Resposta: Naquela época, nosso CEO continuava mudando, e o mais novo me perguntou por que fazer jogos custava tanto dinheiro. Eu disse a ele que não poderíamos fazer mais barato, mas ao mesmo tempo eu estava muito chateado com isso. Eu decidi fazer um jogo com recursos mínimos, tempo mínimo e orçamento mínimo.
Olhando para trás, não há como trabalhar (risos). Mas existem alguns grandes fãs deste jogo.
Quando desistimos de fazer hardware, sabíamos que o Game Cube estava chegando e quando seria lançado. Nós achamos que não tínhamos tempo suficiente para preparar o jogo para o dia do lançamento, mas o Super Monkey Ball veio à mente. Eu acho que nós tivemos dez pessoas no desenvolvimento do jogo, talvez menos. Nós fizemos isso na hora certa.
Pergunta: Sobre o F-Zero GX?
Resposta: Comparado a nós, no quadro geral, somos semelhantes. Mas nos detalhes mais sutis, na tomada de decisões e no timing, as coisas são diferentes e aprendi muito com eles. Em suma, é sobre objetividade. É difícil descrever, mas quando eu falo sobre alguma parte do jogo, "Está tudo bem assim, não é?", Eles dizem: "Nossa empresa não permite esse tipo de coisa.
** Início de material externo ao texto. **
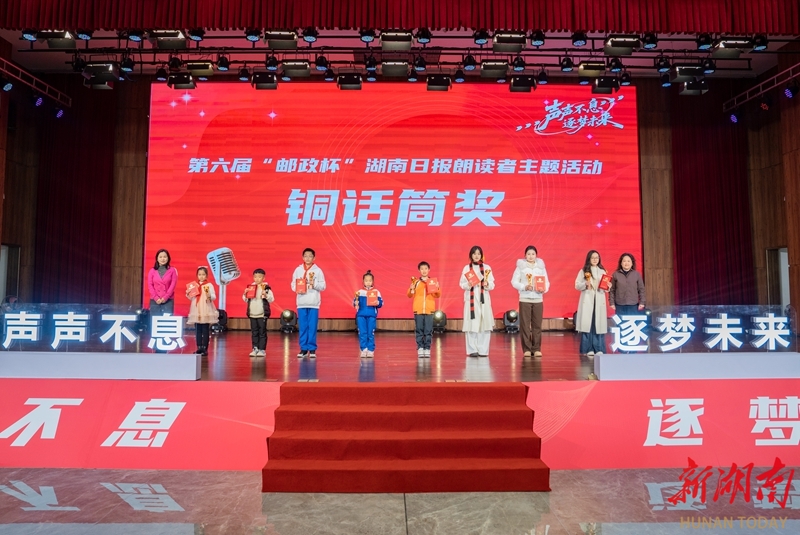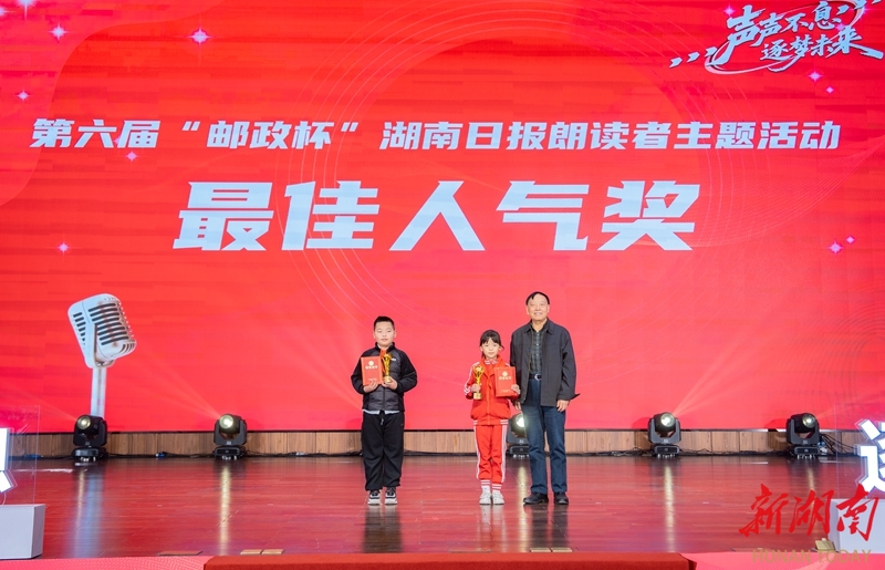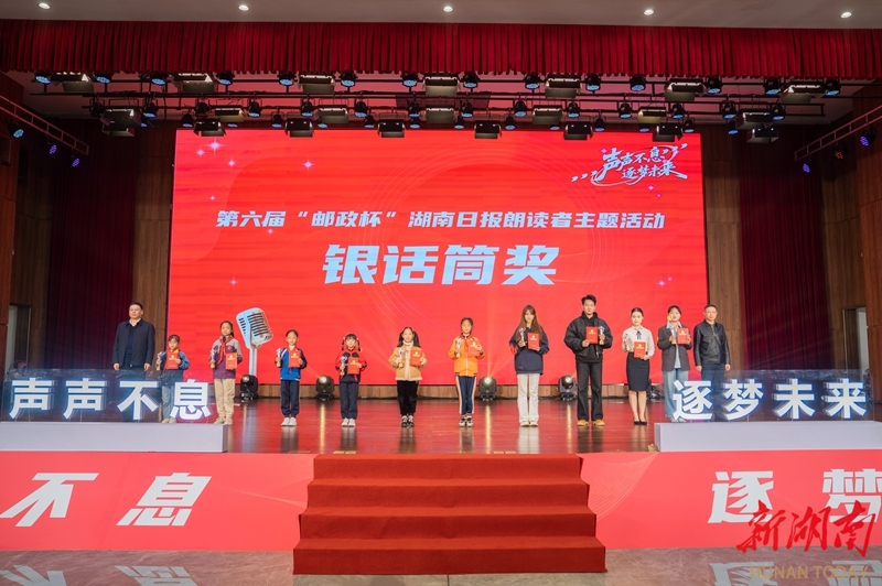 12月5日,现场颁发第六届“邮政杯”湖南日报朗读者主题活动最佳人气奖。当天,第六届“邮政杯”湖南日报朗读者主题活动颁奖典礼暨第七届朗读者活动启动式在长沙市举行。朗读者们用真挚的声音讲述时代故事,用青春的语言传递主流价值,用热忱的表达汇聚向上的力量。 湖南日报全媒体记者 李健 摄

Nunca. "Eu não consegui mudar de idéia sobre qualquer coisa. Nem sequer uma vez. Mas é por isso que a Nintendo tem uma marca tão sólida, mesmo depois de todos esses anos. É por isso que perdemos a guerra de hardware.
Eu realmente gostei dos jogos do Super Famicom, enquanto fizemos algumas propostas, Metroid por exemplo, e outros eu estava mais confiante em fazer um jogo de corrida por causa da minha experiência no gênero, embora eu nunca tivesse feito uma ficção científica.
Mesmo que tivéssemos perdido a guerra no mercado de hardware, eu queria que a Nintendo visse como a Sega era ótima como empresa. Fizemos muitos personagens e fizemos o melhor que pudemos para os gráficos usando a melhor tecnologia da época.
Apesar de termos tentado fazer jogos muito difíceis para o hardware da Sega, eles nunca venderam muito bem, mas o F-Zero vendeu mais de 1,5 milhões de cópias em todo o mundo.
Percebemos que a única coisa que precisávamos admitir era que a Sega não tinha a capacidade de vender hardware (risos). Que, como desenvolvedor, não precisávamos ser pessimistas.
Depois que foi lançado, recebi uma ligação da Nintendo. Eles disseram que queriam ver todo o código-fonte do jogo e queriam que eu explicasse como fizemos esse jogo, nesse período e com esse orçamento, em detalhes. Eles estavam imaginando como faríamos isso, eles não conseguiram descobrir. Conseguimos alcançar algo muito superior ao que a Nintendo esperava.
Pergunta: Sobre lançar Yakuza nos consoles da Nintendo?
Resposta: Eu nunca disse isso antes, mas enquanto nós lançamos este jogo para a Sony, eu fiz apresentações sobre isso para a Microsoft e a Nintendo. Naquela época, eles disseram: "Não, nós não queremos isso". Agora eles dizem: "Nós queremos isso!" (Risos) Eles não entenderam a razão pela qual eu os criei.